> **What you are asked to do**:
What must be handed in is the entire listing, exactly as written, with no pictures.

> **Given material**:
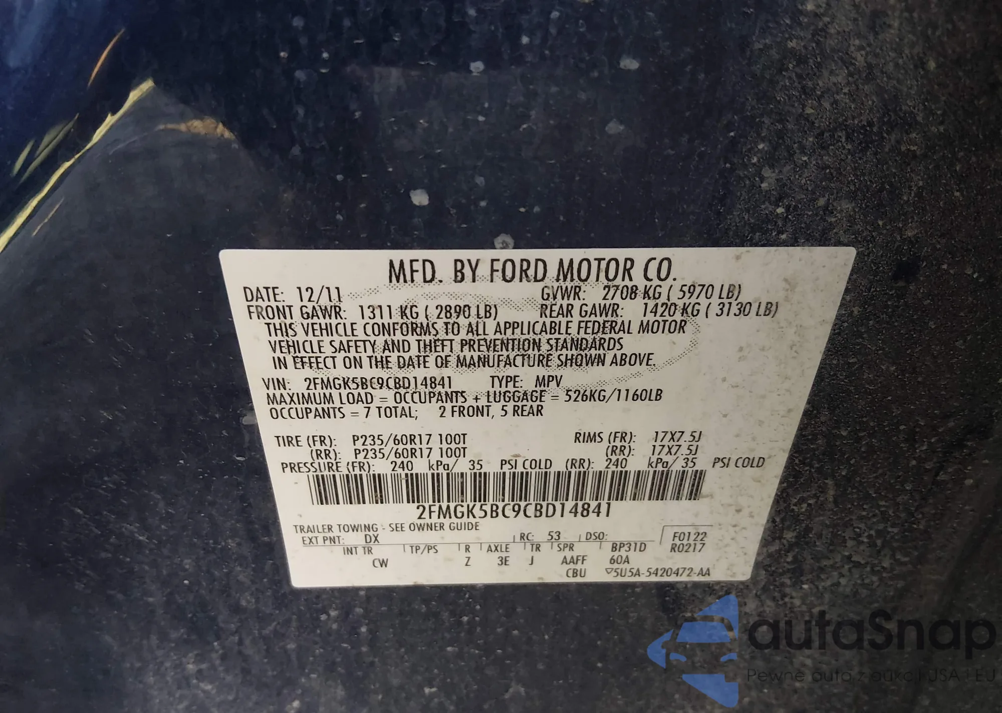 LOT: 44035208 VIN: 2FMGK5BCXABB22289
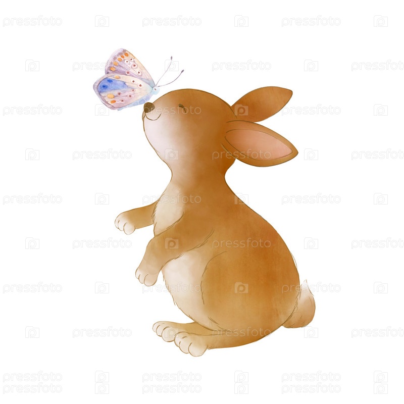 Очаровательный кролик и бабочка. Отдельные герои мультфильмов на белом фоне. Изолированные элементы акварели для дизайна
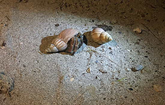 ツアーは光るきのこ「グリーンぺぺ」や天然記念物の「オガサワラオオコウモリ」、海岸の夜行性生物「スナガニ」「天然記念物オカヤドカリ」「夜光虫」などを探すツアー
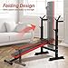 【Adjustable and Foldable】: The height of the deep squat rack can be adjusted in 6 levels for different arm lengths, and the foldable weight bench can save a lot of space in the home, whether it's in a cramped bedroom or in the garage.

> **Exercise answer**:
 LOT: 44035208 VIN: 2FMGK5BCXABB22289
 Очаровательный кролик и бабочка. Отдельные герои мультфильмов на белом фоне. Изолированные элементы акварели для дизайна
 ツアーは光るきのこ「グリーンぺぺ」や天然記念物の「オガサワラオオコウモリ」、海岸の夜行性生物「スナガニ」「天然記念物オカヤドカリ」「夜光虫」などを探すツアー
 【Adjustable and Foldable】: The height of the deep squat rack can be adjusted in 6 levels for different arm lengths, and the foldable weight bench can save a lot of space in the home, whether it's in a cramped bedroom or in the garage.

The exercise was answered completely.